Information provided
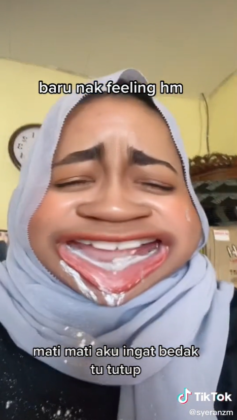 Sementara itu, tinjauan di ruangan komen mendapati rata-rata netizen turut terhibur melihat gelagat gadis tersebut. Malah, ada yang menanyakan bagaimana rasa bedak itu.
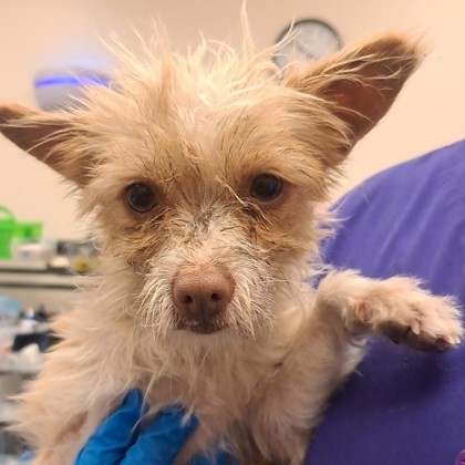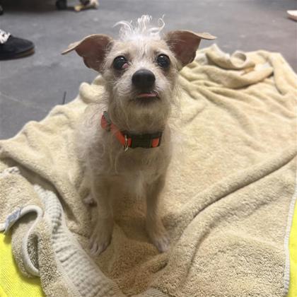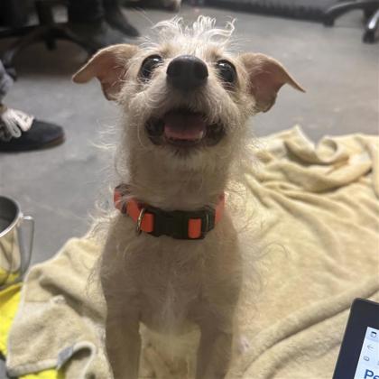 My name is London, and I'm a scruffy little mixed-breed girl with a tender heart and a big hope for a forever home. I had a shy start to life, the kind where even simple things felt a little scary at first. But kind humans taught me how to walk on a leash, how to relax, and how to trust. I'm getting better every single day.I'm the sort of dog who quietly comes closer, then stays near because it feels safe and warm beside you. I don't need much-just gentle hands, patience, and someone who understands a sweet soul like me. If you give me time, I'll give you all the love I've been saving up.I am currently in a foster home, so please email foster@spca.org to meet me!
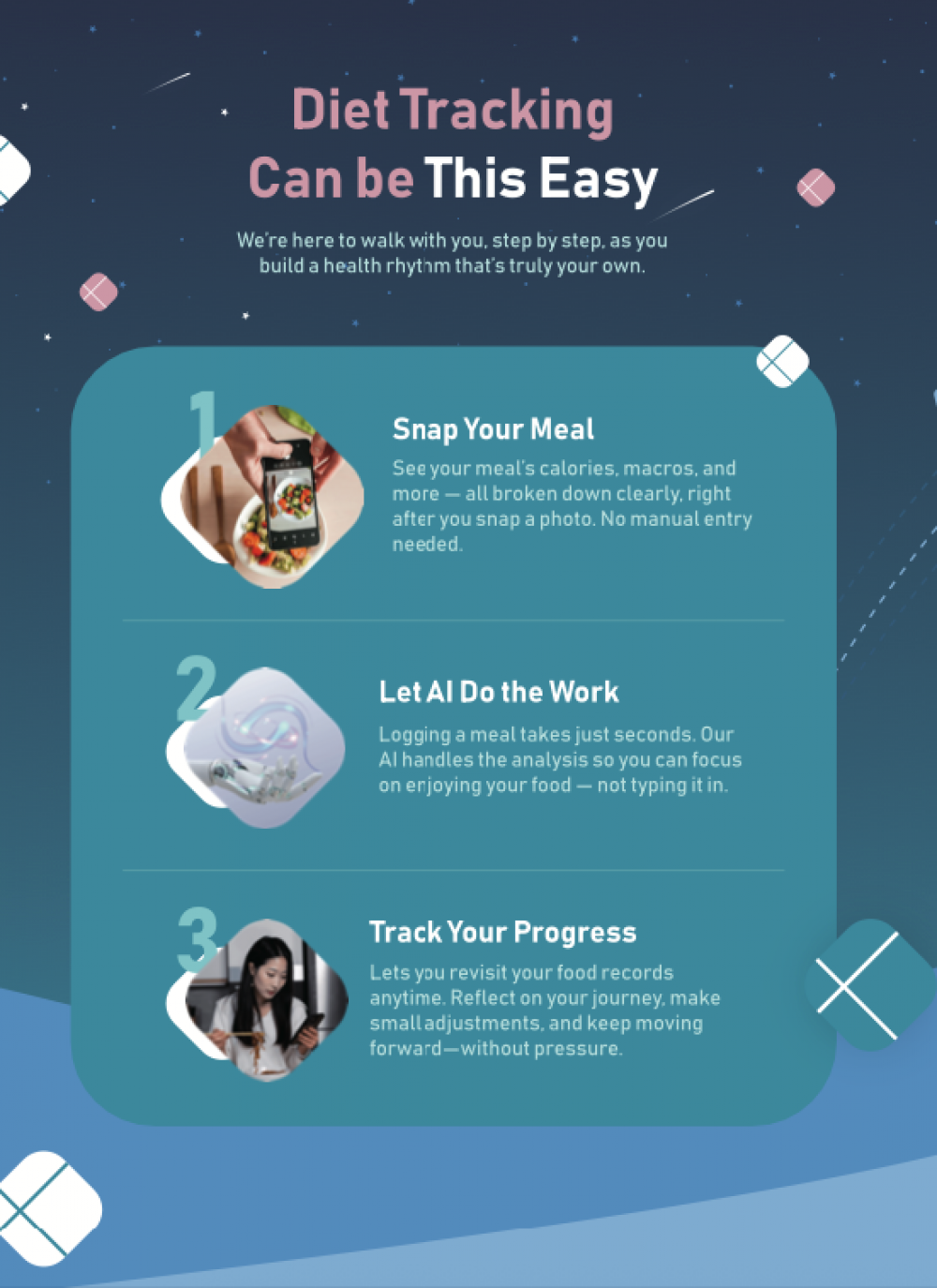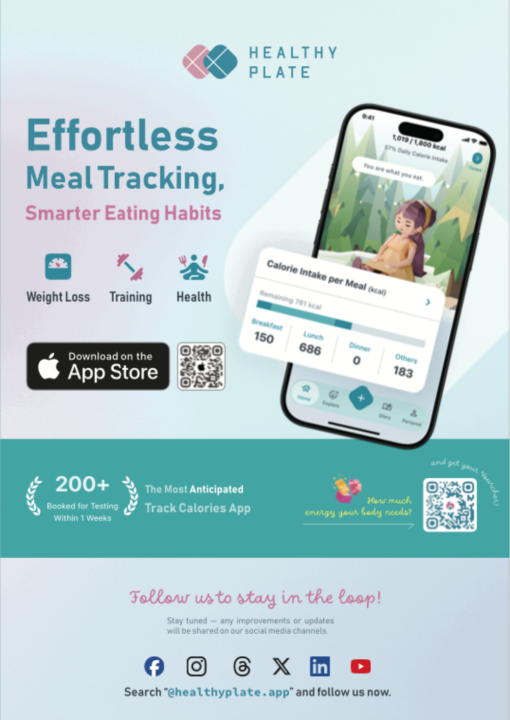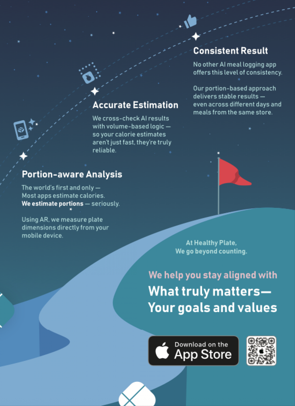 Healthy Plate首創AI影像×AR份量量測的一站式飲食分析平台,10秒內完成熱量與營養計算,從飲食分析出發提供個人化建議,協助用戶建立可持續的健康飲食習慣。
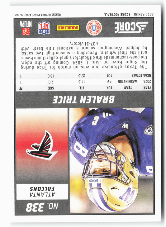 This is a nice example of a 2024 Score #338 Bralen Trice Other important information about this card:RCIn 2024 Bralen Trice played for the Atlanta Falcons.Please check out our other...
---
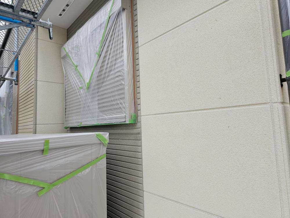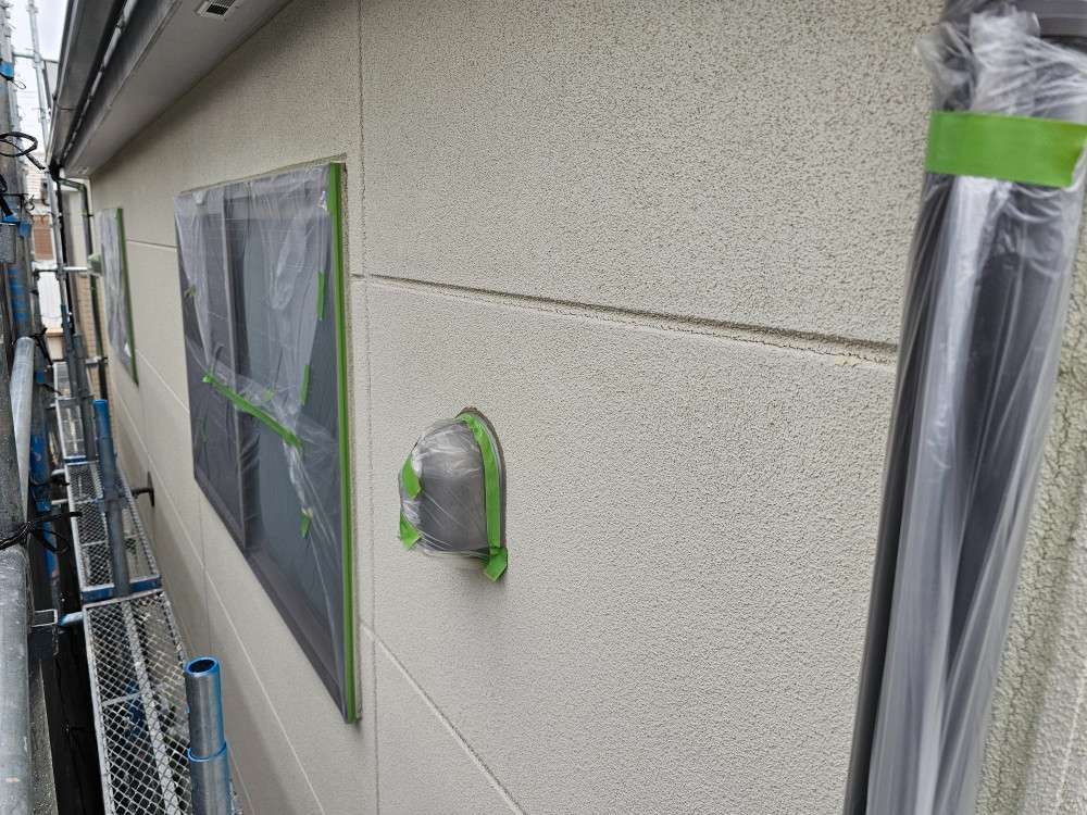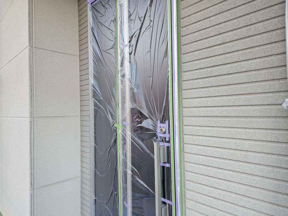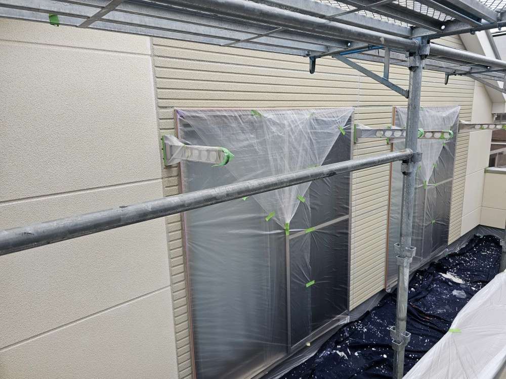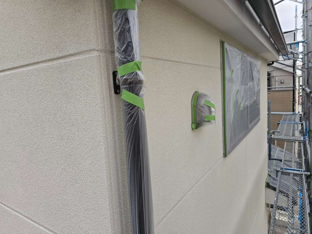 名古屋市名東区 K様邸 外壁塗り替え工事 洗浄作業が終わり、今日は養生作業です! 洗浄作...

Task directions
Return only the part above that opens with the line containing "Sementara itu, tinjauan" and closes with the line containing "This is a nice", exactly and with both ends, skipping the pictures.

Exercise response
 Sementara itu, tinjauan di ruangan komen mendapati rata-rata netizen turut terhibur melihat gelagat gadis tersebut. Malah, ada yang menanyakan bagaimana rasa bedak itu.
 My name is London, and I'm a scruffy little mixed-breed girl with a tender heart and a big hope for a forever home. I had a shy start to life, the kind where even simple things felt a little scary at first. But kind humans taught me how to walk on a leash, how to relax, and how to trust. I'm getting better every single day.I'm the sort of dog who quietly comes closer, then stays near because it feels safe and warm beside you. I don't need much-just gentle hands, patience, and someone who understands a sweet soul like me. If you give me time, I'll give you all the love I've been saving up.I am currently in a foster home, so please email foster@spca.org to meet me!
 Healthy Plate首創AI影像×AR份量量測的一站式飲食分析平台,10秒內完成熱量與營養計算,從飲食分析出發提供個人化建議,協助用戶建立可持續的健康飲食習慣。
 This is a nice example of a 2024 Score #338 Bralen Trice Other important information about this card:RCIn 2024 Bralen Trice played for the Atlanta Falcons.Please check out our other...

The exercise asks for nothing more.